Mira mira que paisaje tan hermoso.

Yo no quería defraudarlo, pero lo que menos gana tenía era de empezar a vomitar por el miedo a los barrancos y las curvas de aquel vetusto coche que tenía una suspensión muy blanda.
Pensaba para mí - vaya marinero que soy- he pasado algunos temporales en veleros y mercantes. Cruzando en trasatlántico de niño decía mi padre que con frecuencia el y yo solo ocupábamos el comedor y ahora - como dicen en Sudamérica- con el culo cortaba varilla- y Rafael dale que te pego con el.

Mira mira que pequeñas se ven las casas ala abajo,
Sacando casi medio cuerpo en las curvas para forzarme a mirar.
El amigo lanzado cuesta arriba con sus gafas de sol y su pinta de jubilado americano sin percatarse de nada, hablando del maquinón que llevaba, que ni sé cuántos tripecientos caballos.

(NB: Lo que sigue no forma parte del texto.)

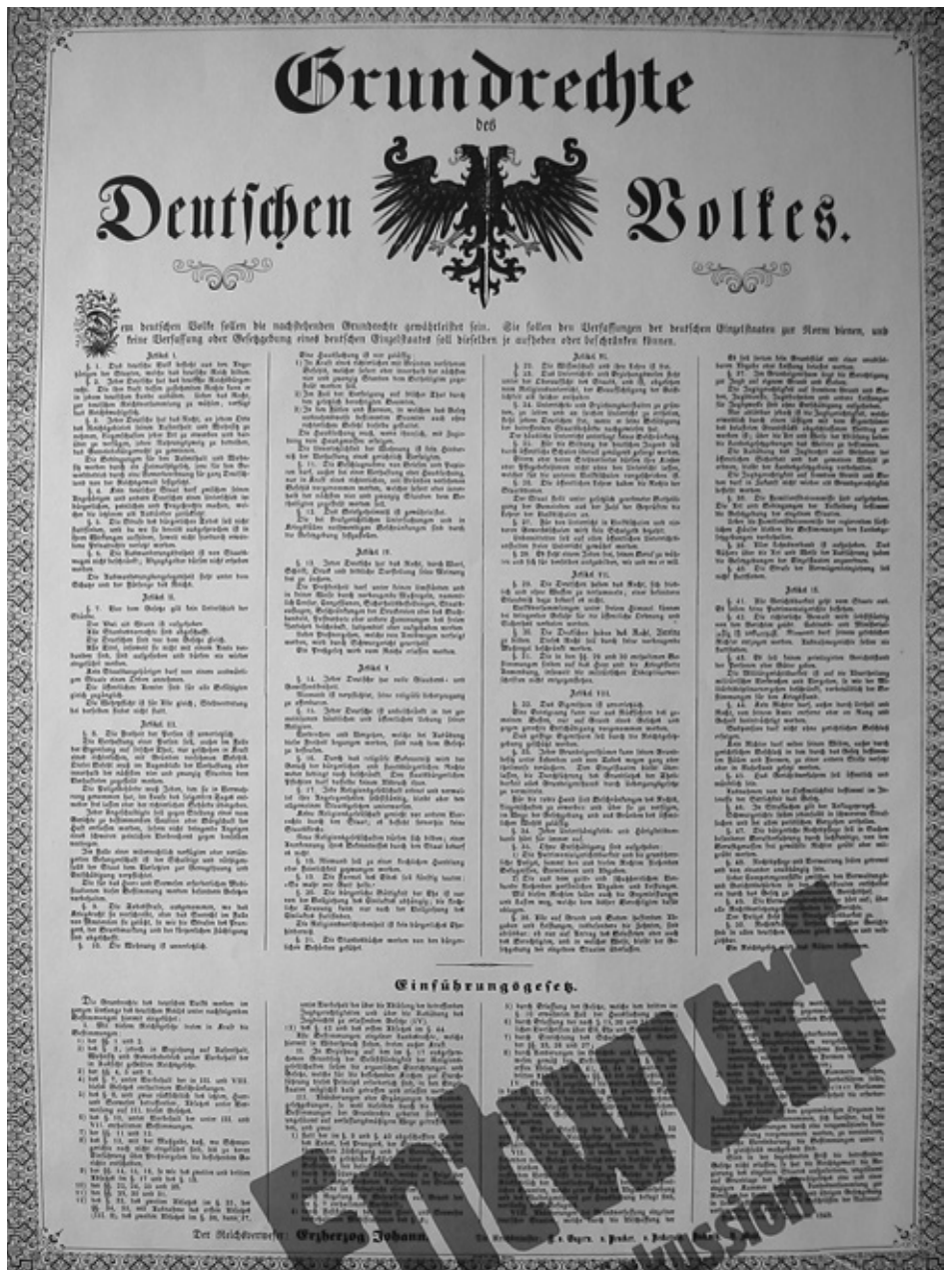
Die Grundrechte des deutschen Volkes von 1849 als Diskussionsgrundlage in der Friedlichen Revolution von 1989 Bildgestaltung und Bildgeber: Manfred Butzmann, Potsdam

Die Parallelen zwischen beiden Revolutionen sind offensichtlich: „Wir sind das Volk“ skandierten 1989 selbstbewusste Bürger auf den Straßen in Leipzig, Berlin, Dresden und anderswo und brachten damit den SED-Staat zu Fall. Unter der Parole „Wir sind das Volk“ schlossen sich im Sommer 1849 selbstbewusste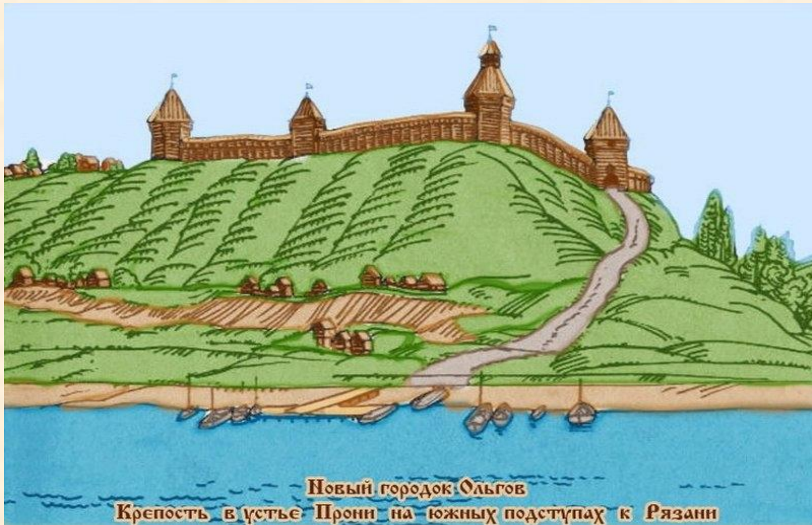
Новый городок Ольгов Крепость в устье Прони на южных подступах к Рязани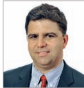
Pierre P. Séguin Services préhospitaliers Laurentides Lanaudière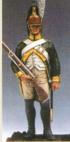
CPDRA: Dragon a pied du 19 ème régiment 1805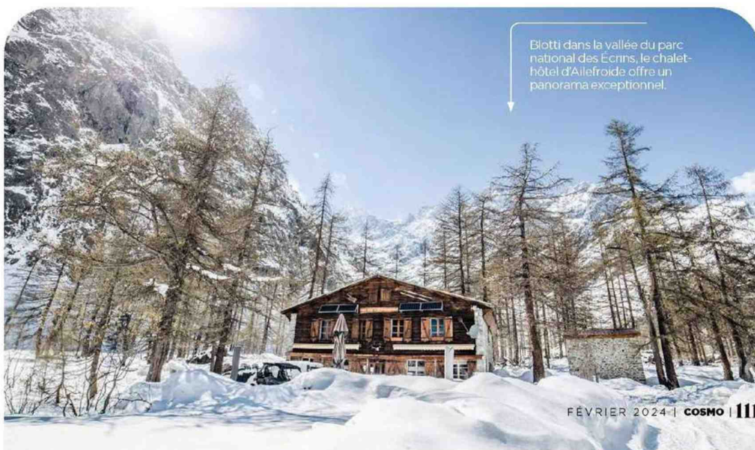
Blotti dans la vallée du parc national des Ecrins, le chalet-hôtel d'Ailefroide offre un panorama exceptionnel.

Dans la vallée la plus secrète et sauvage du parc national des Ecrins, à Pelvoux, se niche le chalet-hôtel d'Ailefroide, accessible seulement en raquettes ou en ski de randonnée: sportif mais magique! Une fois sur place, on se retrouve dans une bâtisse construite en 1896 dont chaque chambre nous offre une vue à couper le souffle sur le levé ou le coucher de soleil. Au milieu d'un paysage enneigé, on profite à fond du silence... chalet-hotel-ailefroide.com

Un cohete, tu, mira mira como acelera -

En el coche sonaba a todo volumen moonligtn Serenade de Glenn Millar y Su amigo tarareaban y con un brazo ambos acompañaban la música a un lado y al otro dejándose llevar por la inercia de las curvas y el ritmo de la balada clásica americana,

Y yo las cagado que nunca.-- todo me parecía subrealista.

Cuando llevábamos así un tiempo indeterminado, llegando casi a la Cruz de Tejada al salir de una curva vimos a un autobús atravesado en la carretera y dimos un frenazo y el coche quedó atravesado en la carretera. El lado de Rafel y el mío quedaron enfrentados al autobús,

Un señor de unos sesenta años vino corriendo y empezó a tartamudear.
Alrededor del autobús había mucha gente mayor sentada en el suelo.

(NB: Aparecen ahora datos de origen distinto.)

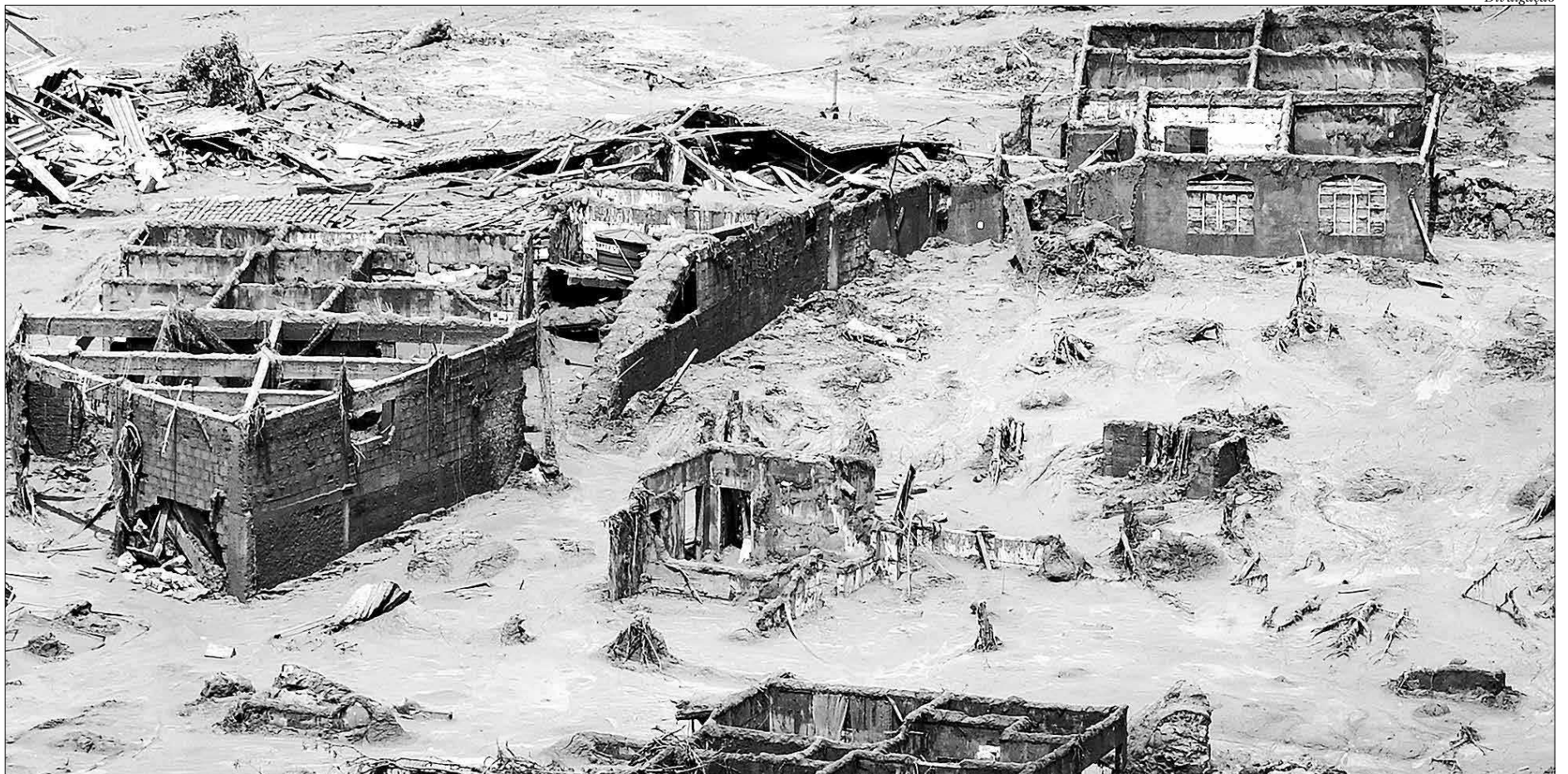
Os estados que foram duramente atingidos pela intensidade das chuvas seguem atentos ao céu e aos efeitos das águas dentro dos seus domínios, como monitoramento de rios e barragens

O risco de rompimento da estrutura devido à elevação do nível de água em função das fortes chuvas que atingem parte da Região Sudeste desde o último dia 17 motivou a empresa e a prefeitura de Alegre a acionarem o plano de emergência. O alerta vermelho foi acionado na tarde do último sábado, quando a prefeitura divulgou pelas redes sociais mensagens para que os moradores das áreas

Muchacho cálmate que no te entiendo.

Decía Rafael sin alterarse, como si se cruzará con alguien en la calle que le consultara la hora. No se movió del asiento miraba la escena divertido al ver que no había ningún herido.

Pero muchaaacho que te vas a atragantas, habla despacio,

Al pobre hombre no había quien le entendiera,

Coño. Para un mensajero que nos mandan y nos sale tártaja. Dijo levantando la voz ya un poco aburrido.

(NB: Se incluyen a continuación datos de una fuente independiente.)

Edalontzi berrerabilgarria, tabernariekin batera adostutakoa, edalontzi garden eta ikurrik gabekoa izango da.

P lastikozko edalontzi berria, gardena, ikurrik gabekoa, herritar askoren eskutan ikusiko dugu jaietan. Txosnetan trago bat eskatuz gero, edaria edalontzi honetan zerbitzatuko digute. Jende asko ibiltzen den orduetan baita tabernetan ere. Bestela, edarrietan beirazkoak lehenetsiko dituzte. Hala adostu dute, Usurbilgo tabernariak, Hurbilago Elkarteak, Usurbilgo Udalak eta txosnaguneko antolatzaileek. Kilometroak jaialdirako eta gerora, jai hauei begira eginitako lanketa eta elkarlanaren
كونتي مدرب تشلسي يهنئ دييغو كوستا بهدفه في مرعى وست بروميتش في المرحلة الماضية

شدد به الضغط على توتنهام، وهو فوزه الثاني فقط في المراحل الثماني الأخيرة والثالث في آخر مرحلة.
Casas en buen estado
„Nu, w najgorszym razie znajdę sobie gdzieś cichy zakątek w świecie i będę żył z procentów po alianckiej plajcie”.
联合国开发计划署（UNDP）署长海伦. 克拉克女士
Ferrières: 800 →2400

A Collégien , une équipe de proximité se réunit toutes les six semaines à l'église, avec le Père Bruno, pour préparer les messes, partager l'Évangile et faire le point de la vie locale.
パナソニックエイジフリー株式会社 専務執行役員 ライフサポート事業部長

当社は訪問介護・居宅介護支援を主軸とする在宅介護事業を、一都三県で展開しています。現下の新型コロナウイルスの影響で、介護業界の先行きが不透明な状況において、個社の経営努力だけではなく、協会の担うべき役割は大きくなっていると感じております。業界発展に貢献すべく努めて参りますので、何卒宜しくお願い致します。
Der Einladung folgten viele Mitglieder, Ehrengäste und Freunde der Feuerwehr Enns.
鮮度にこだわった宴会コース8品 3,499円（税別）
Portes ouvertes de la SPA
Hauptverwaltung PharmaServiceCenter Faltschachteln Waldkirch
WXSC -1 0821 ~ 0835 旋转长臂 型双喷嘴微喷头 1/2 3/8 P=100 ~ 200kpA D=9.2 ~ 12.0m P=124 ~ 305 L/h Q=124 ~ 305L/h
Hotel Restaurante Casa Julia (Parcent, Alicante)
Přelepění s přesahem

El pobre hombre al escuchar el tono imperativo de Rafael recuperó la compostura y nos dijo que en la curva - al ser tan cerrada- el autobús toco en el suelo y que la gente que venía ya muy asustada, empezó a gritar asustada,

El conductor del autobús ya estaba maniobrando para enfocar la carretera y la gente volvía a subir.

Que gente más histérica coño, hay que llevar la vida más tranquila. Dijo para despedirse-

Lo que no sabía Rafael, es que yo estaba empezando a recuperar los latidos del corazón y me alegraba de que no me hiciera ninguna pregunta porque estaba tan asustado que no podría articular palabra.

Hace un par de semanas cuando nos vimos le dije que seguía teniaendo un poco de vértigo al conducir bordeando los barrancos canarios. No le dió ninguna importancia, dijo que en la guerra los choferes de las islas eran muy apreciados porque estaban habituados a sortear carreteras de montaña,

Sempre recordaré aquel día canario - americano con el descapotable, Glen Miller, los barrancos y la escena del autobús en contraste con un Rafael con su cabellera blanca alborotada por el viento, todo tan escentrico y sin embargo tan normal para el.

Que gente tan histérica muchacho

Editado por Prometeo en 27-12-2016 a las 19:17.